■ What this task involves
All of the data that follows should be given again exactly, without its images.

■ Source material

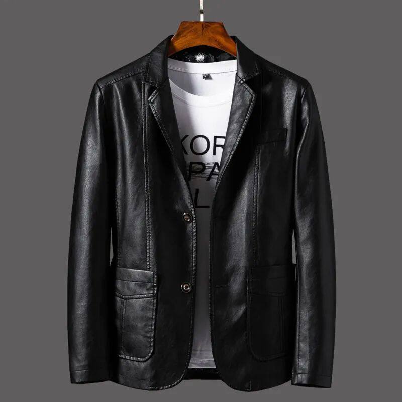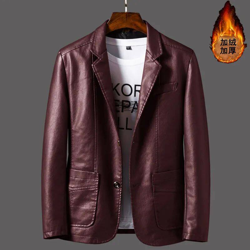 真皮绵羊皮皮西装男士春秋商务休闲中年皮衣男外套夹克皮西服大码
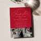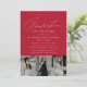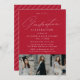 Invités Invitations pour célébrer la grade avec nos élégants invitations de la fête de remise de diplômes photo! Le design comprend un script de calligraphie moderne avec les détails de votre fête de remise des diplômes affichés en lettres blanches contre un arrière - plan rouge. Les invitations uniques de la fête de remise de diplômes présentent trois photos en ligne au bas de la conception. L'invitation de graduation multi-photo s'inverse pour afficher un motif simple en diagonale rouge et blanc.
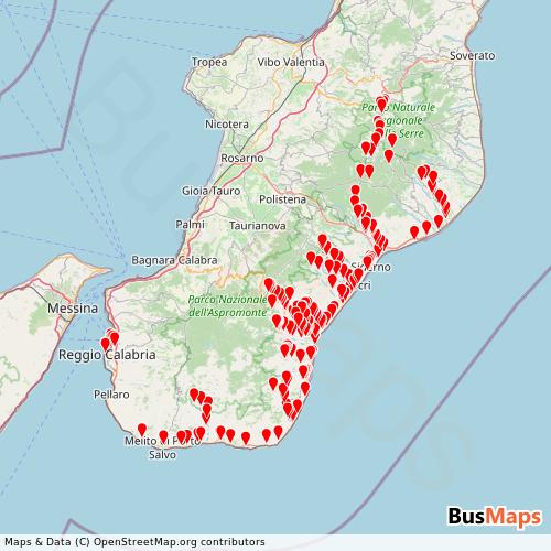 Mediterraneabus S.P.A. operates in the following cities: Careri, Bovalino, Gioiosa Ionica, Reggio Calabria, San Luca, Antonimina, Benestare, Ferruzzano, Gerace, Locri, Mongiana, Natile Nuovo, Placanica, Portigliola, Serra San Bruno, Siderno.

■ Exercise result
 真皮绵羊皮皮西装男士春秋商务休闲中年皮衣男外套夹克皮西服大码
 Invités Invitations pour célébrer la grade avec nos élégants invitations de la fête de remise de diplômes photo! Le design comprend un script de calligraphie moderne avec les détails de votre fête de remise des diplômes affichés en lettres blanches contre un arrière - plan rouge. Les invitations uniques de la fête de remise de diplômes présentent trois photos en ligne au bas de la conception. L'invitation de graduation multi-photo s'inverse pour afficher un motif simple en diagonale rouge et blanc.
 Mediterraneabus S.P.A. operates in the following cities: Careri, Bovalino, Gioiosa Ionica, Reggio Calabria, San Luca, Antonimina, Benestare, Ferruzzano, Gerace, Locri, Mongiana, Natile Nuovo, Placanica, Portigliola, Serra San Bruno, Siderno.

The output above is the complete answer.